Introduction: The risk factors for the metallothionein (MT) polymorphism in concentrations of heavy metals, especially mercury, in the blood are subject to several confounding factors, including differences in the ethnicity of the population analyzed, the sample size, and the type of the studied environment heavy metals to which population is exposed. This study aimed to investigate the effects of the MT1A (A>G) and MT1A (C>G) single nucleotide polymorphisms (SNPs) on blood mercury levels in the city of Ahvaz (located in southwest Iran).

Materials and Methods: 300 unexposed (control group) and 150 exposed (case group) were included. DNA extraction, PCR-RFLP and DNA sequencing were performed, and blood mercury levels were determined by AAS method with DMA-80.

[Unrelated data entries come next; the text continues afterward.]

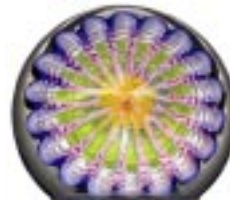
Awards created by Epiphany Glass of Pontiac Michigan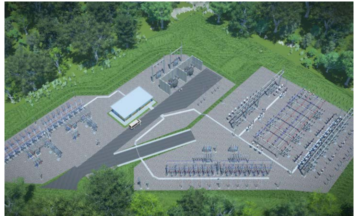
Switching to 3D design lowered development time for the mechanical elements of electrical substations by 50%, or 225 work hours.

Designs have also become more accurate, as the design environment cross-references information from civil, electrical, and electro-mechanical designs in real time while minimizing errors caused by manual input. These enhancements prevent unnecessary use of resources and result in more sustainable designs. Since each of the digital designs contain information for maintenance and operations, COPEL can use them to improve asset management.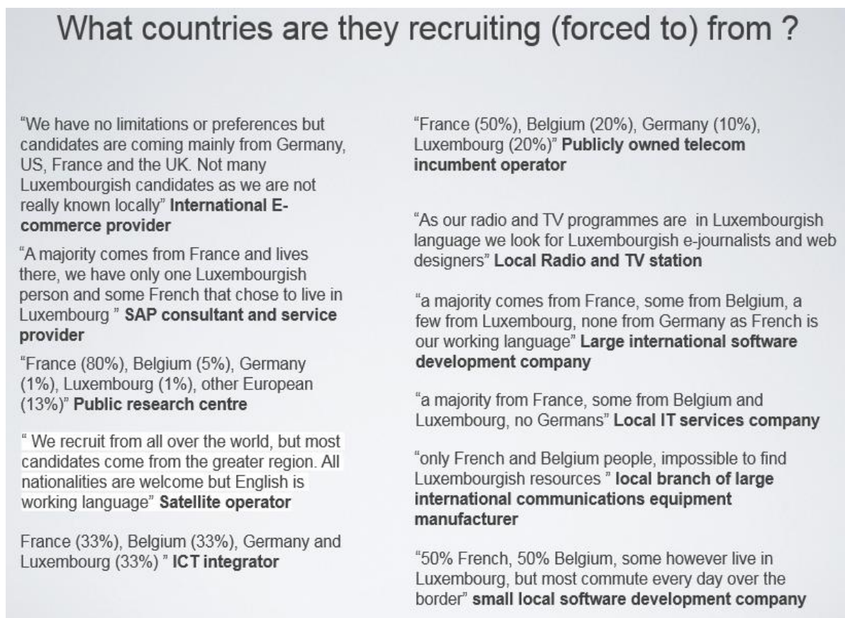
FIGURE 3 - AN INTERNATIONAL WORKFORCE

In terms of nationalities, a lot of the existing workforce appears to be of French or Belgium extraction and these employees tend to reside in their respective home countries and commute to Luxembourg on a daily basis. Figure 3 (below) presents an overview of some of the comment made regarding this issue by interviewees. It confirms some of the difficulties that employers face when trying to recruit the necessary job profiles. Apparently, the country is not able to produce its ICT professionals locally.

Results: Blood mercury levels in the case group were higher than those in the control group (p-value <0>G), with MT1A (C>G) polymorphism and P-values ​​of blood mercury levels of 0.69, 0.44, and 0.59. 0.56 for the case and control groups, respectively. Results showed that these two SNPs were not associated with mercury-induced toxicity in the case group despite high blood mercury levels and exposure.

Conclusion: In conclusion, this takes look shows that MT1A (A>G) and MT1A (C>G) polymorphisms aren't related to susceptibility to excessive blood mercury attention in individuals.